Visiontek PhotoMatrix-SAT remote sensing image cluster processing system PhotoMatrix-SAT
PhotoMatrix-SAT is a cluster software independently developed by Visiontek for large-scale comprehensive processing of satellite images. It is not only compatible with all common satellite images on the market, but also has high-precision aerial three operations capabilities and powerful cluster data processing performance. One-click full-automatic production of large-scale image empty three, DSM and DOM products.
Compared with common satellite image processing software on the market, the system has a series of advantages such as good compatibility, easy operation, comprehensive functions, high degree of automation, and cluster operation support.
Excellent data compatibility
Support processing all common domestic and foreign satellite image data on the market, including resource 3, Gaofen-1, Gaofen-2, Tianhui Satellite, ALOS, SPOT5, IKONOS, WorldView I/II, P5, GeoEye and other image data formats .
Convenient data organization ability
The system has convenient image data organization capabilities, can support a variety of flexible and fast engineering creation methods, and automatically recognizes and divides stereo pairs and co-orbit images after importing data. At the same time, it organizes exclusive satellite image formats according to the types of satellite images. It is convenient for special processing and later expansion.
One-click processing flow
The system is easy to operate and has a high degree of automation. It can automatically complete data processing operations such as satellite image matching turning point, adjustment orientation, DSM matching, orthorectification, image fusion, etc., without manual intervention in the whole process.

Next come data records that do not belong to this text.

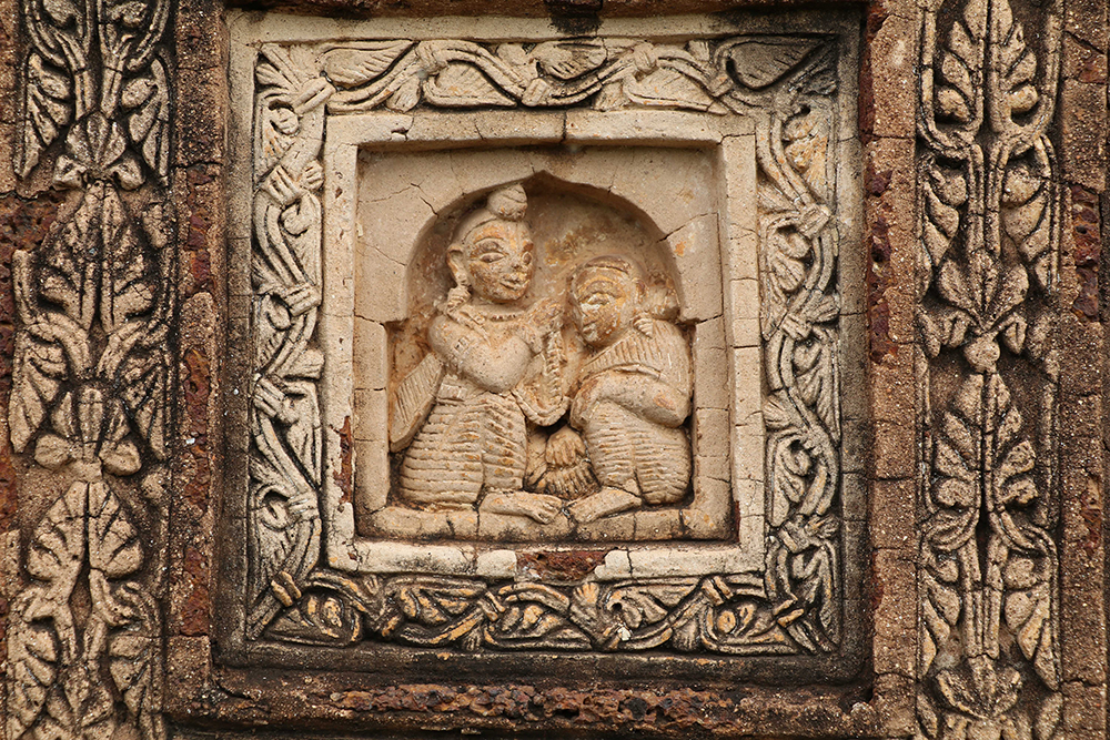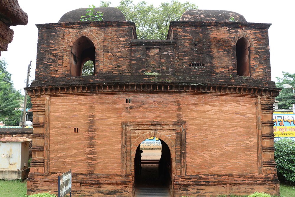 Built by Chaitanya Singha in ekaratna style. It was built in a square plan, consisting of a dome-shaped shikhara and stucco motifs depicting floral, geometric and depiction of the life of Puranas.
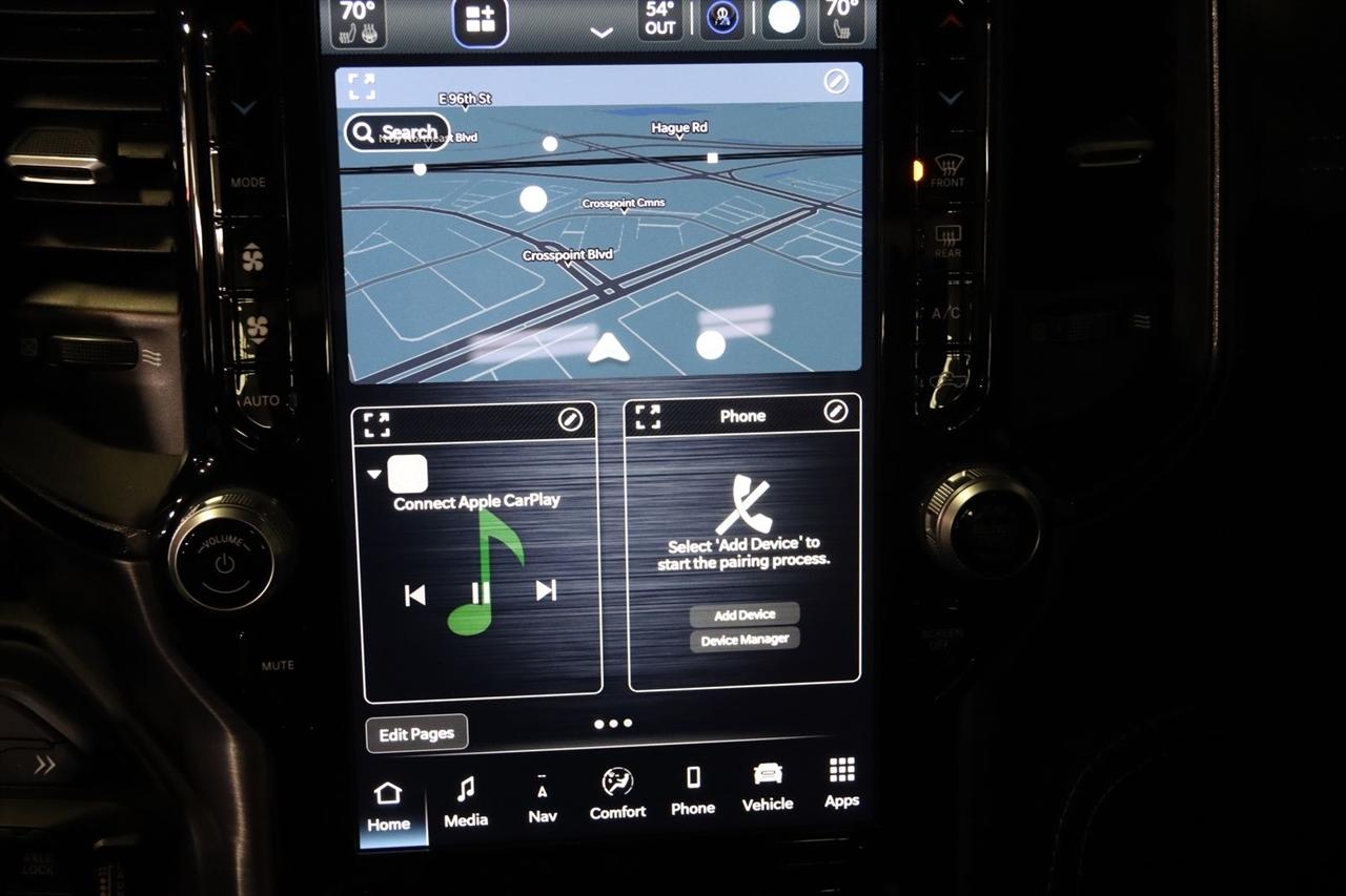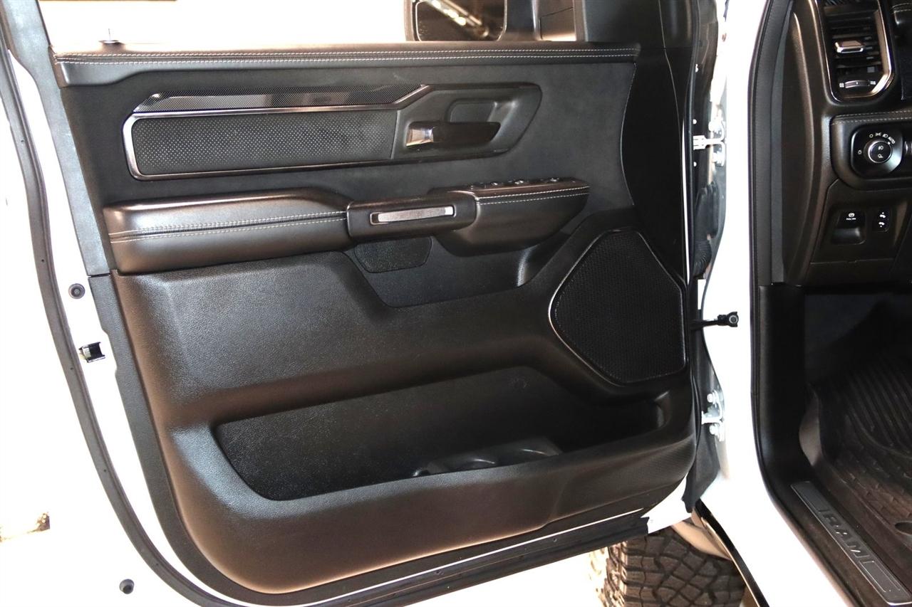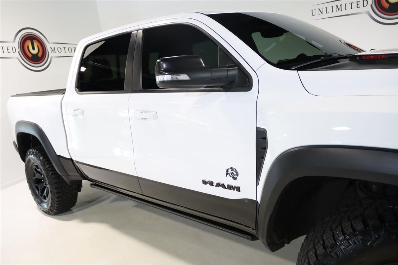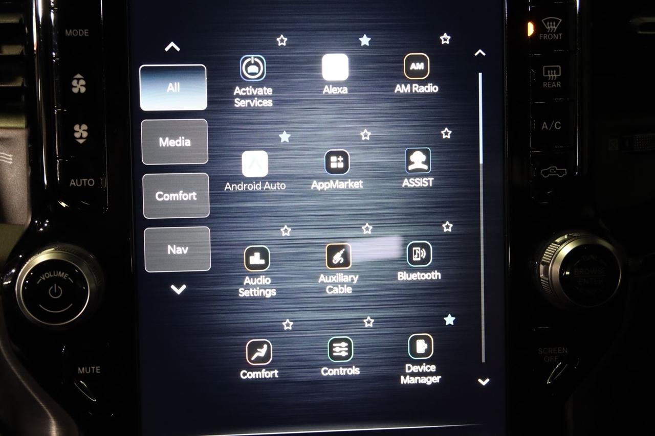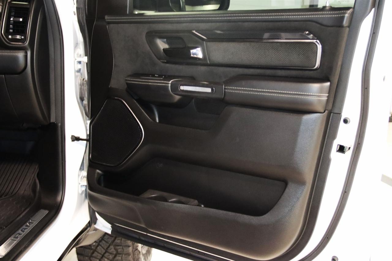 Navigation, Bluetooth, Back Up Camera, Panoramic Roof, Heated Seats, Touch Screen, #2 Seat Foam Cushion, 10 Speakers, 3.55 Rear Axle Ratio, 4 Way Front Headrests, 4-Wheel Disc Brakes, ABS brakes, Adaptive suspension, Air Conditioning, Alloy wheels, AM/FM radio: SiriusXM with 360L, Apple CarPlay/Android Auto, Auto High-beam Headlights, Auto-dimming door mirrors, Auto-dimming Rear-View mirror, Automatic temperature control, Black Exterior Mirrors, Body Color Door Handles, Brake assist, Bucket Seats, Center Console Parts Module, Cloth/Vinyl Bucket Seats, Compass, Delay-off headlights, Dome Dual LED Reading Lamp, Driver door bin, Driver/Passenger Wrapped Assist Handles, Dual front impact airbags, Dual front side impact airbags, Dual-Pane Panoramic Sunroof, Electronic Stability Control, Exterior Mirrors Courtesy Lamps, Exterior Mirrors w/Heating Element, Exterior Mirrors w/Supplemental Signals, Front anti-roll bar, Front Bucket Seats, Front Center Armrest w/Storage, Front Door Accent Lighting, Front dual zone A/C, Front fog lights, Front License Plate Bracket, Front reading lights, Front Seat Back Map Pockets, Front wheel independent suspension, Full Length Premium Upgraded Floor Console, Fully automatic headlights, Heated door mirrors, Heated Front Seats, Heated Steering Wheel, Illuminated entry, IP LED Ambient Light Pipe, Leather Shift Knob, Leather steering wheel, Leather Trimmed Bucket Seats, Low tire pressure warning, Luxury Front Door Trim Panel, MOPAR Bright Pedal Kit, Navigation System, Occupant sensing airbag, Outside temperature display, Overhead airbag, Overhead console, Panic alarm, ParkSense Front/Rear Park Assist w/Stop, ParkView Rear Back-Up Camera, Passenger door bin, Passenger vanity mirror, Pick-Up Box Lighting, Power 4-Way Driver Lumbar Adjust, Power 4-Way Passenger Lumbar Adjust, Power 8-Way Driver & Passenger Seats, Power Adjustable Pedals, Power door mirrors, Power driver seat, Power steering, Power windows, Power-Folding Mirrors, Premium Wrapped IP Bezel, Quick Order Package 29Y, Radio data system, Radio: Uconnect 5 Nav w/12.0" Display, Rain Sensitive Windshield Wipers, Rear 60/40 Folding Seat, Rear Door Accent Lighting, Rear seat center armrest, Rear step bumper, Rear Underseat Compartment Storage, Rear Window Defroster, Remote keyless entry, Security system, Speed control, Split folding rear seat, Sport steering wheel, Steering wheel mounted audio controls, Sun Visors w/Illuminated Vanity Mirrors, Tachometer, Telescoping steering wheel, Tilt steering wheel, Traction control, Trailer Brake Control, Trailer Light Check, Trailer Tow Group (B) (DISC), Trip computer, TRX Level 1 Equipment Group, Turn signal indicator mirrors, Universal Garage Door Opener, Variably intermittent wipers, Voltmeter, Wheels: 18" x 9" Black Paint/Polish Aluminum.
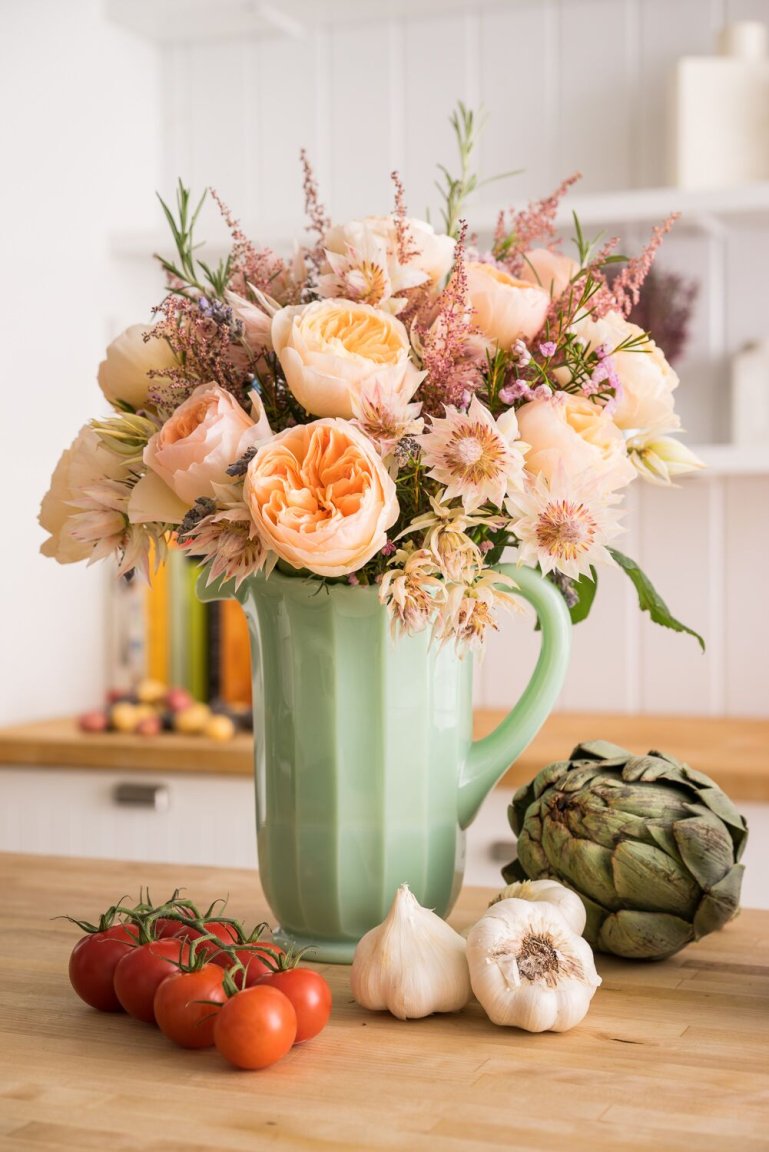 “I grow oodles of herbs, especially ones you can’t easily find at a store, so I’m always gathering them into a loose, fragrant bouquet to bring to a friend’s house instead of flowers,” says Copeland. She’ll pair the bunch with a dreamy peony or a blooming rose from her garden for an unexpected touch.

High performance remote sensing image space three processing
The system supports diversified matching and orientation methods of satellite images with reference DOM, reference DEM, and control points as reference data, as well as a variety of data source hybrid regional network adjustments. At the same time, users can perform comprehensive point editing operations on connection points and control points. And manually add weight constraints, so that the system's mapping accuracy can be higher than the provided reference image. If a certain accuracy of the reference image is provided, the accuracy can be controlled within one pixel.
In addition, the system has built-in comprehensive SRTM data, and the system can automatically call SRTM for uncontrolled adjustment when the reference DEM is missing.
Multi-data source mixed regional network adjustment
Large-scale satellite image DSM and DEM production
After the satellite image space three is completed, the system quickly realizes the DSM matching of the stereo image pair through the virtual scene, and outputs the large-scale satellite image DSM results. At the same time, the DEM is generated through terrain filtering, and the satellite image DEM is edited, spliced and cropped. , Format conversion and a series of operations.
Satellite image DSM results Partial zoom in of satellite image DSM results
Massive satellite image DOM output
The system uses multi-core, multi-threading and graphics card GPU computing to perform orthorectification on massive multi-source remote sensing images, and performs intelligent color uniformization based on the geographic information and color information of the template image, effectively controlling color distortion, noise, etc. after fusion It also supports fine editing of DOM results to generate excellent satellite image orthographic results.
Efficient cluster operation mode support
The system has a fully automatic task allocation and management mechanism, which can automatically divide and publish node data transmission and image processing tasks according to the cluster nodes and node working status, and further optimize the cluster operation mode, so that the cluster operation mode and the stand-alone operation mode are basically maintained Consistent, and the manual division of task areas has been added to further enhance the efficiency of cluster operations.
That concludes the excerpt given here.